RECORDS SHOWN:
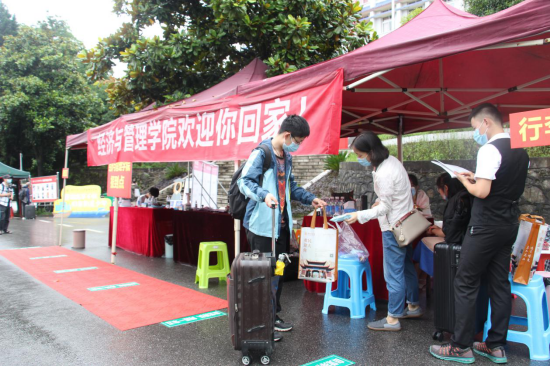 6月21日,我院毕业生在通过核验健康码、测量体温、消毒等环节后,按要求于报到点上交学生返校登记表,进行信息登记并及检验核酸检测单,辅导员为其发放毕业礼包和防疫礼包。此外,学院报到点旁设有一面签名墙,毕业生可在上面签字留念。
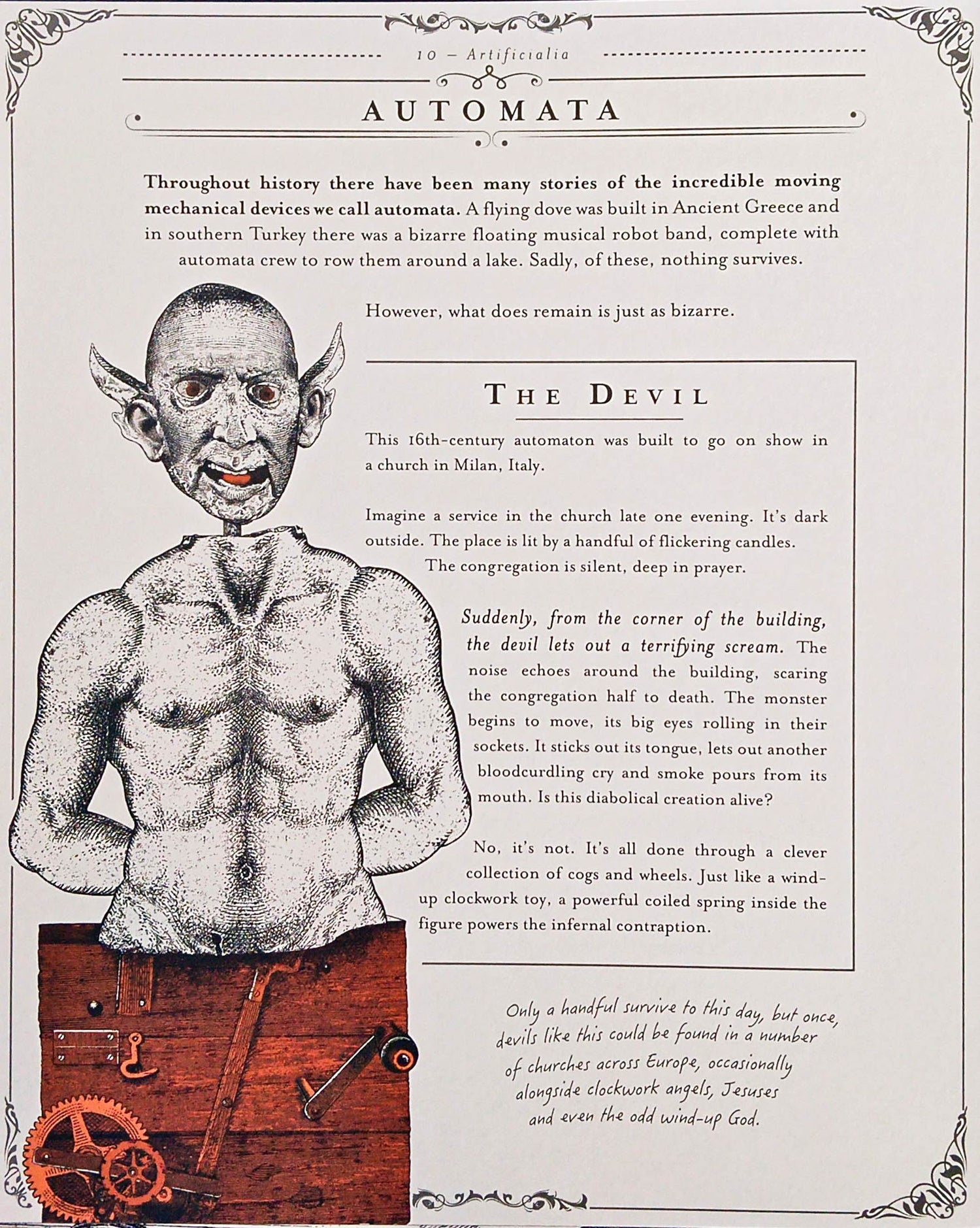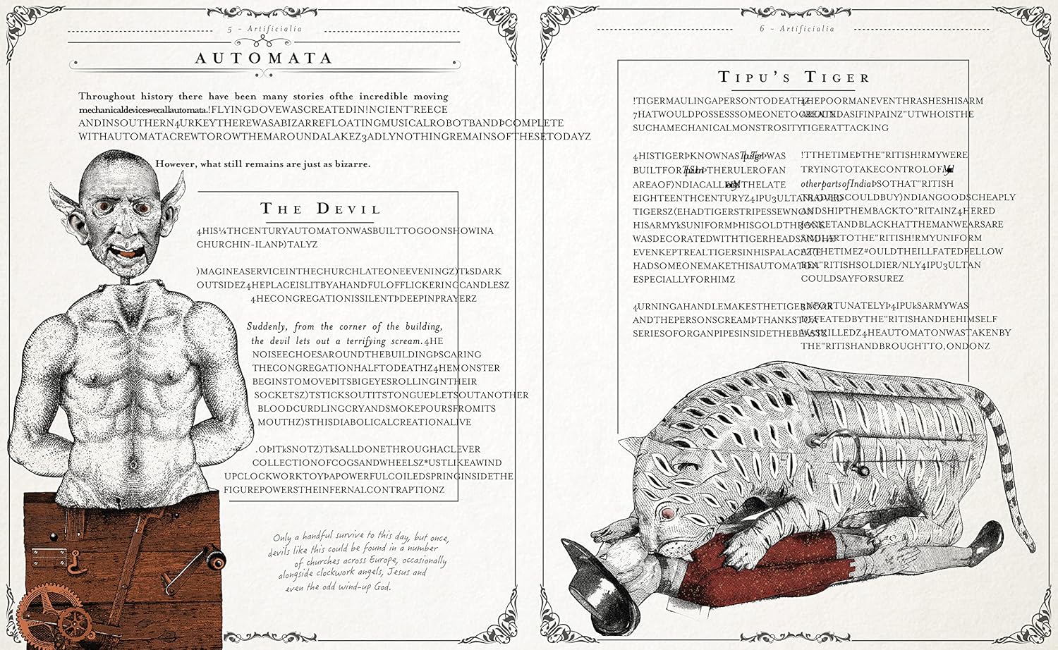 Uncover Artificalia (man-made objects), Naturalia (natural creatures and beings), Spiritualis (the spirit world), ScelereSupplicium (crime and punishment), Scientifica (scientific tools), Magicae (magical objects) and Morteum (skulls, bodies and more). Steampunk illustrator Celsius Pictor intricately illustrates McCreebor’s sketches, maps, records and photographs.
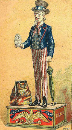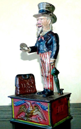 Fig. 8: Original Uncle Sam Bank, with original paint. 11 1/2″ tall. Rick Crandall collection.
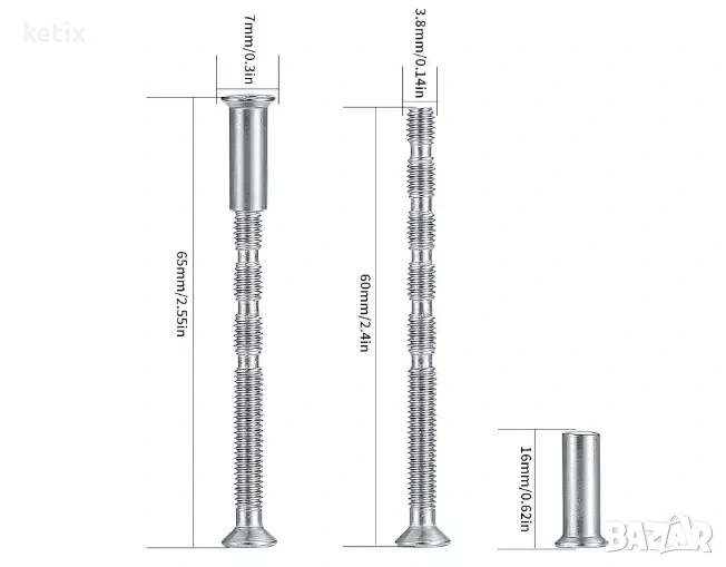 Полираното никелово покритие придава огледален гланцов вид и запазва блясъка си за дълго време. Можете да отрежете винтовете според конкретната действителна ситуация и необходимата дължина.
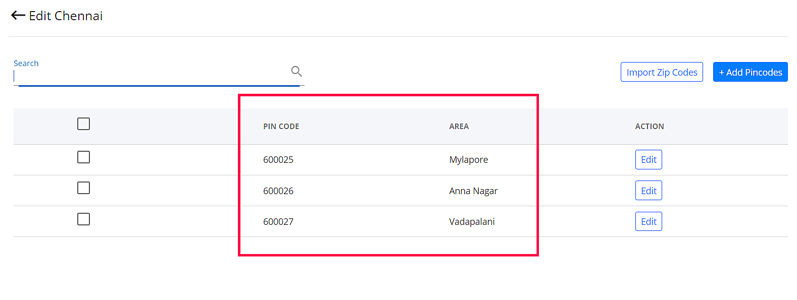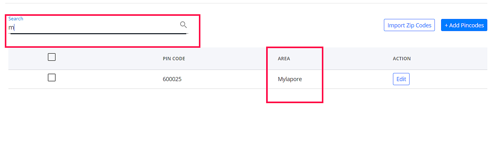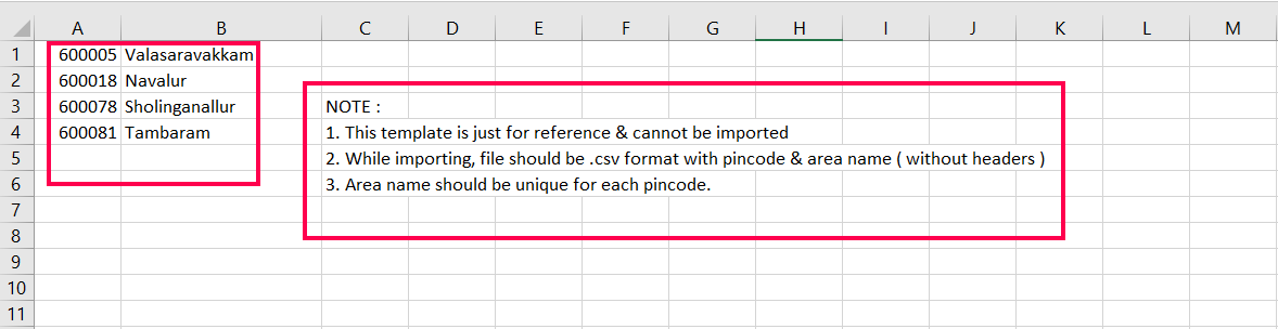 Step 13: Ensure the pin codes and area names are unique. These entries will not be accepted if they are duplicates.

THE TASK: Write out exactly, and nothing more than, the lines of the entries above from the line containing "Uncover Artificalia (man-made" through the final line; omit any pictures.

SOLUTION:
 Uncover Artificalia (man-made objects), Naturalia (natural creatures and beings), Spiritualis (the spirit world), ScelereSupplicium (crime and punishment), Scientifica (scientific tools), Magicae (magical objects) and Morteum (skulls, bodies and more). Steampunk illustrator Celsius Pictor intricately illustrates McCreebor’s sketches, maps, records and photographs.
 Fig. 8: Original Uncle Sam Bank, with original paint. 11 1/2″ tall. Rick Crandall collection.
 Полираното никелово покритие придава огледален гланцов вид и запазва блясъка си за дълго време. Можете да отрежете винтовете според конкретната действителна ситуация и необходимата дължина.
 Step 13: Ensure the pin codes and area names are unique. These entries will not be accepted if they are duplicates.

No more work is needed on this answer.